図2に示すように、製造された螺旋織物12は、螺旋状に積み重ねられていく。
【0043】
前記のように構成された螺旋織物12は、螺旋織物12を強化基材とし、樹脂をマトリックス11とした円環状の繊維強化複合材10に形成され、円環状部品として使用される。
【0044】
繊維強化複合材10を製造する場合は、
図1に示すように、螺旋織物12を所定の厚さに切断する。螺旋織物12は、経糸13が円周方向に連続して同心円の螺旋状に積層配列されているため、自然と厚み方向に重なり合って円環状の板となる。切断後の螺旋織物12は、マトリックス11が含浸されて繊維強化複合材10となる。
【0045】
上記実施形態によれば、以下のような効果を得ることができる。
(1)周方向Xに隣り合う緯糸14同士の間隔が外縁部12b側ほど広がる螺旋織物12において、経糸13の撚り数を外縁部12b側ほど多くし、螺旋織物12の外縁部12b側ほど経糸13の繊維密度を高くした。
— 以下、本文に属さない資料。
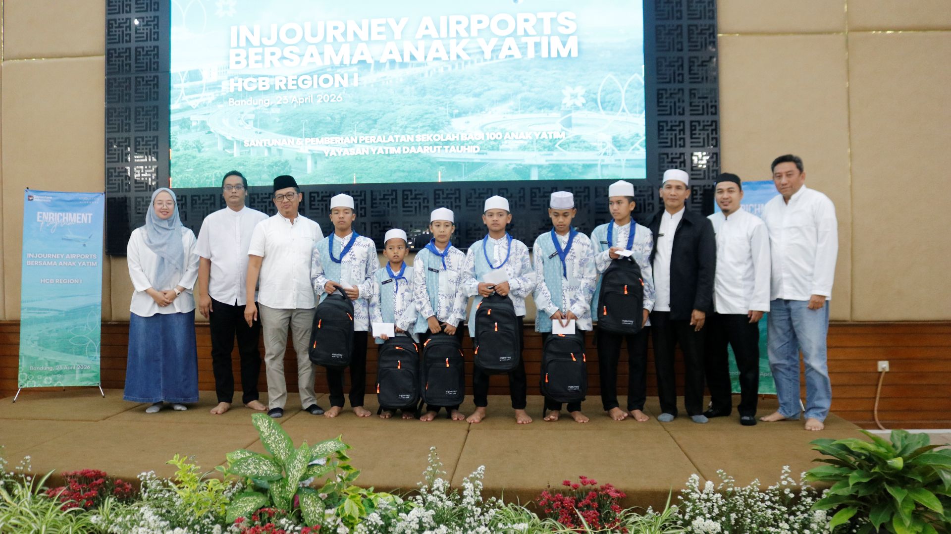 DTPEDULI.ORG | BANDUNG – PT Angkasa Pura Indonesia Regional 1 bekerja sama dengan DT Peduli menyalurkan santunan kepada anak-anak yatim, Kamis (23/4/2026). Acara yang digelar di Aula Daarul Hajj, Pondok Pesantren Daarut Tauhiid ini diikuti oleh 100 anak yatim dari zona model Gegerkalong.
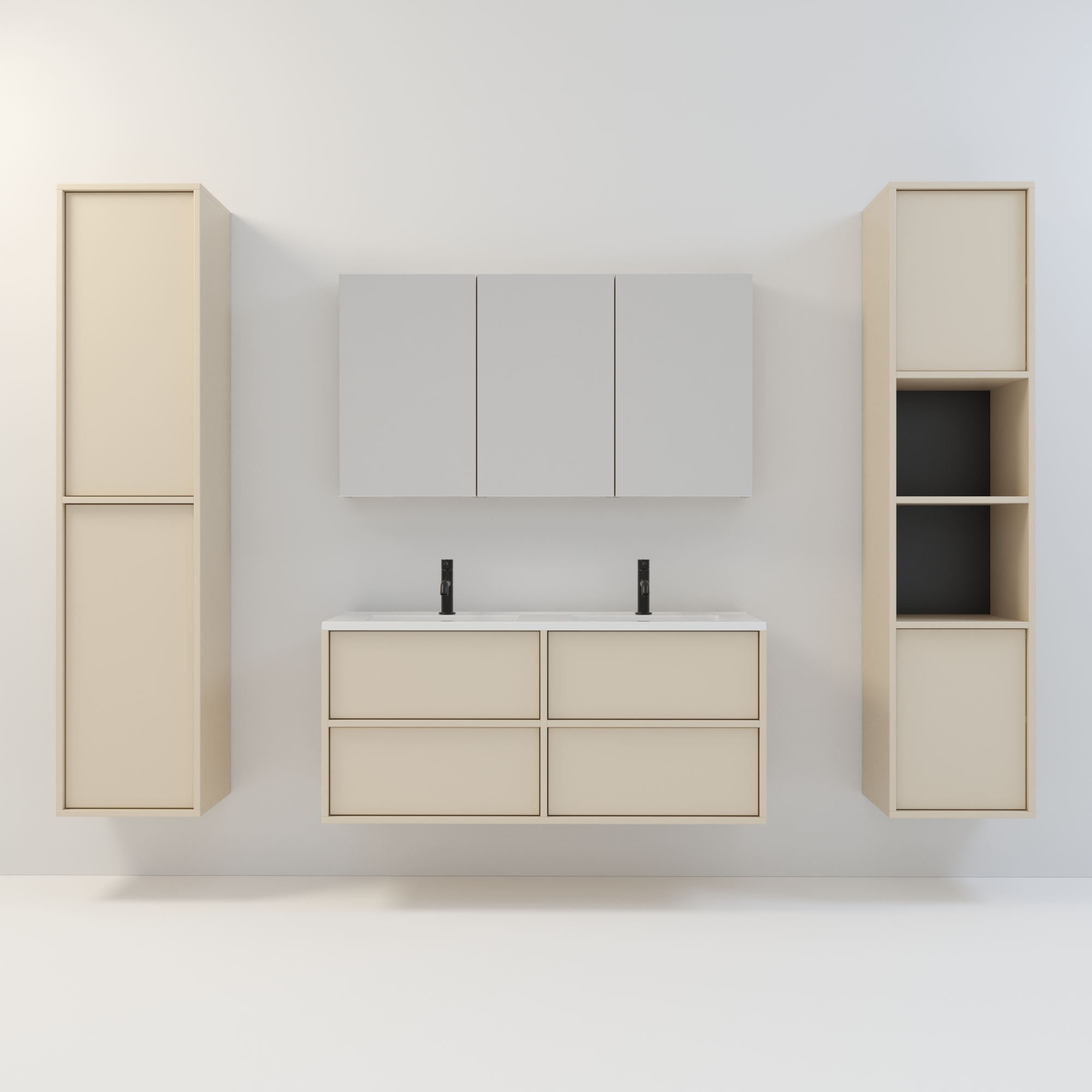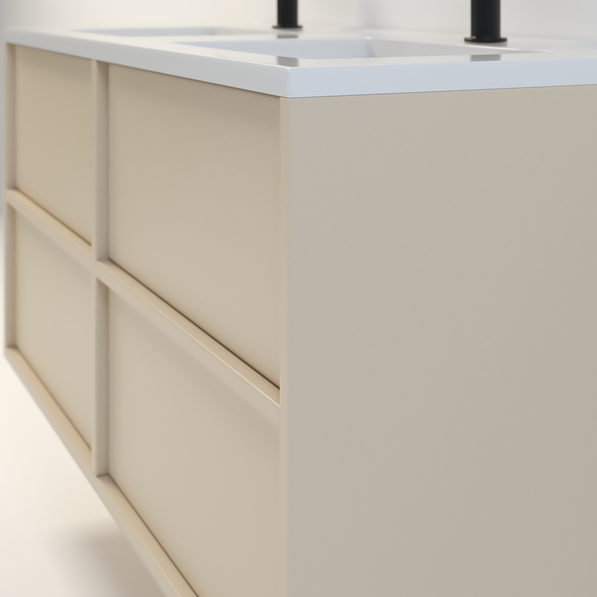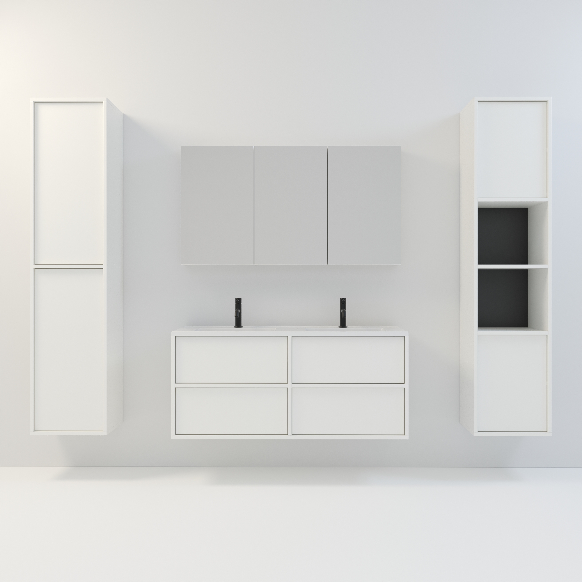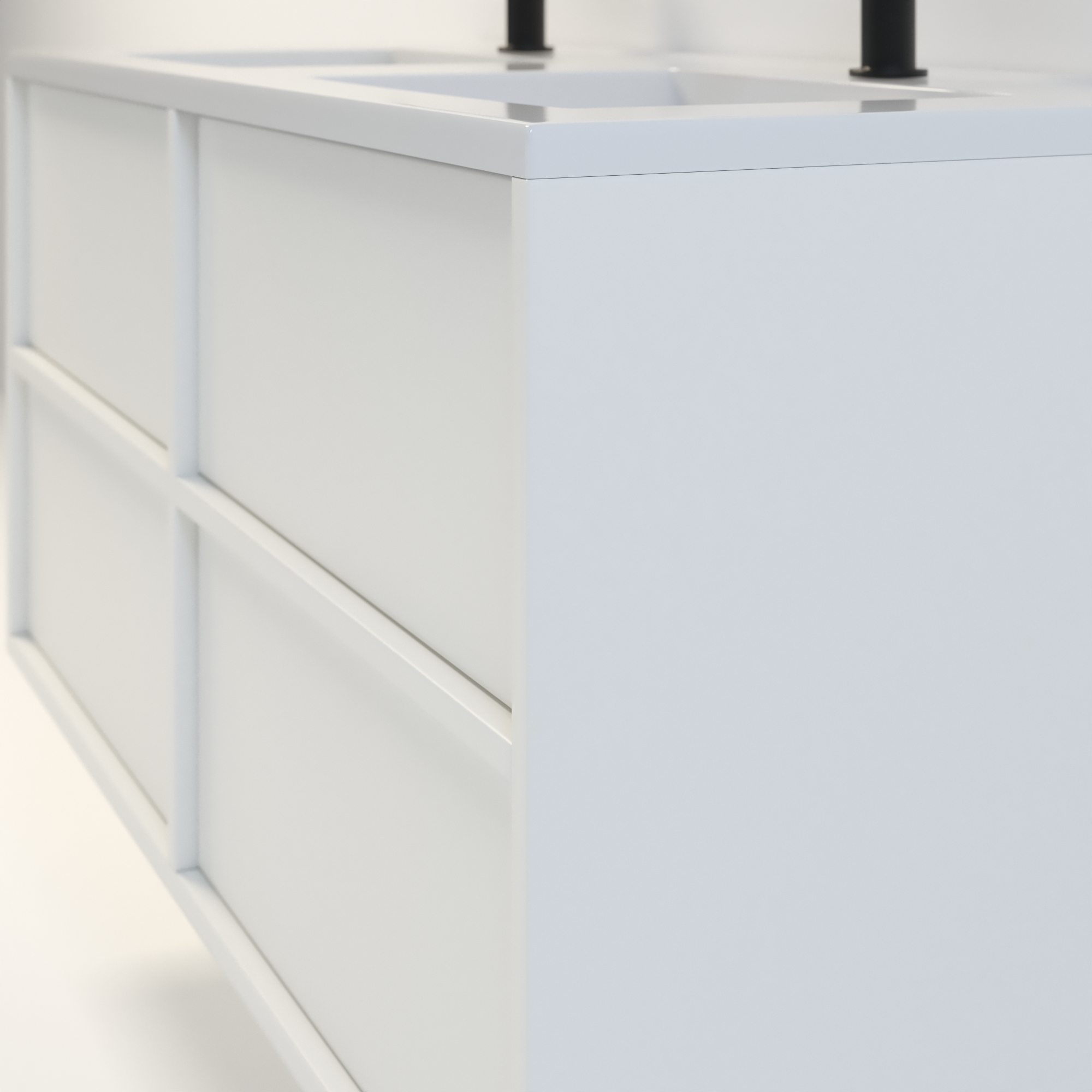 Szafka łazienkowa wisząca Minimal 4 z umywalką to nowoczesny zestaw łazienkowy który, składa się z szafki łazienkowej z czterema szufladami oraz podwójnej umywalki ceramicznej pełniącej jednocześnie funkcję blatu. Komplet ten jest niezwykle funkcjonalnym i trwałym rozwiązaniem. Połączenie uniwersalnego stylu z geometryczną formą sprawia, że szafka dobrze komponuje się w różnych aranżacjach.

このため、螺旋織物12において、経糸13の単位体積当たりの強化繊維の本数を外縁部12b側ほど増やすことができる。その結果、螺旋織物12全体で繊維密度を均一化して繊維密度のバラツキを小さくすることができる。したがって、螺旋織物12の繊維密度を均一化するために、特殊な糸を用いる必要がない。よって、螺旋織物12によれば、生産性を高めつつ、繊維密度のバラツキを抑制できるとともに、生産コストが嵩むこともない。
【0046】
(2)螺旋織物12を強化基材とし、マトリックス11中に複合化した繊維強化複合材10を製造した場合、繊維密度が均一化されていることから、樹脂リッチ部が大きく発生することはない。
【0047】
(3)螺旋織物12は、公知の織機によって製織できる。このため、経糸13の撚り数を調整するだけの簡単な方法で、螺旋織物12の繊維密度を螺旋織物12全体で均一化することができる。
【0048】
(4)内縁部12aに沿って延びる経糸13の撚り数を最小とし、外縁部12bに向けて経糸13の撚り数を1本ずつ順番に多くした。このため、螺旋織物12の全体に亘って繊維密度のバラツキを抑制できる。
【0049】
(5)螺旋織物12は、公知の織機を用いて製造する際、経糸13を湾曲させることで製織できるため、簡単に製造でき、生産性が高い。
(6)螺旋織物12は、第1経糸層21及び第2経糸層22と、第1緯糸層31、第2緯糸層32、及び第3緯糸層33とを有する多層織物である。そして、拘束糸15により、第1〜第3緯糸層31〜33が積層方向Zに拘束され、積層方向Zに隣り合う第1緯糸層31と第2緯糸層32の間に第1経糸層21が拘束されるとともに、第2緯糸層32と第3緯糸層33の間に第2経糸層22が拘束されている。よって、螺旋織物12において、螺旋織物12の製造時や、使用時の層間剥離を抑制でき、扱いやすい。
【0050】
なお、上記実施形態は以下のように変更してもよい。
○
図7に示すように、螺旋織物12は、経糸13と緯糸14を平織りした織物を複数積層して構成されていてもよい。なお、図示しないが、螺旋織物12は、平織りの他に綾織りや繻子織りした織物を積層して構成されていてもよい。
【0051】
○
図8に示すように、螺旋織物12は、撚り数の同じ経糸13を径方向Yに沿って2本ずつ配置しつつ、径方向Yに沿って経糸13の撚り数を外縁部12bに向けて徐々に多くしてもよい。この場合であっても、内縁部12aに沿って延びる経糸13の撚り数は、外縁部12bに沿って延びる経糸13の撚り数より少ない。また、径方向Yに隣り合う経糸13同士では、撚り数が同じ場所と、撚り数が外縁部12b寄りの経糸13の方が多い場所とが混在する。なお、径方向Yに沿って同じ撚り数となる経糸13の本数は2本以外でもよい。
【0052】
○
図9に示すように、繊維構造体40は、内縁部40aが平面視円弧状であり、外縁部40bが、内縁部40aより長い平面視円弧状をなす、平面視円弧状の板状であってもよい。この場合、内縁部40aに位置する経糸13の撚り数は、外縁部40bに位置する経糸13の撚り数より少なくするとともに、径方向Yに隣り合う経糸13同士は同じ撚り数、又は外縁部40b寄りの経糸13の撚り数を多くする。
【0053】
○ 第1の糸を緯糸14とし、第2の糸を経糸13としてもよい。
○ 第1の糸には、撚りを加えていない経糸13又は緯糸14が含まれていてもよい。この場合、撚りの加えていない経糸13又は緯糸14の撚り数はゼロとなる。例えば、繊維構造体の内縁部に位置する経糸13又は緯糸14の撚り数がゼロであっても、内縁部に位置する経糸13又は緯糸14の撚り数は、外縁部に位置する経糸13又は緯糸14の撚り数より少なくなる。そして、繊維構造体の径方向に隣り合う経糸13同士又は緯糸14同士を同じ撚り数、又は外縁部寄りの経糸13又は緯糸14の撚り数が多くなるようにする。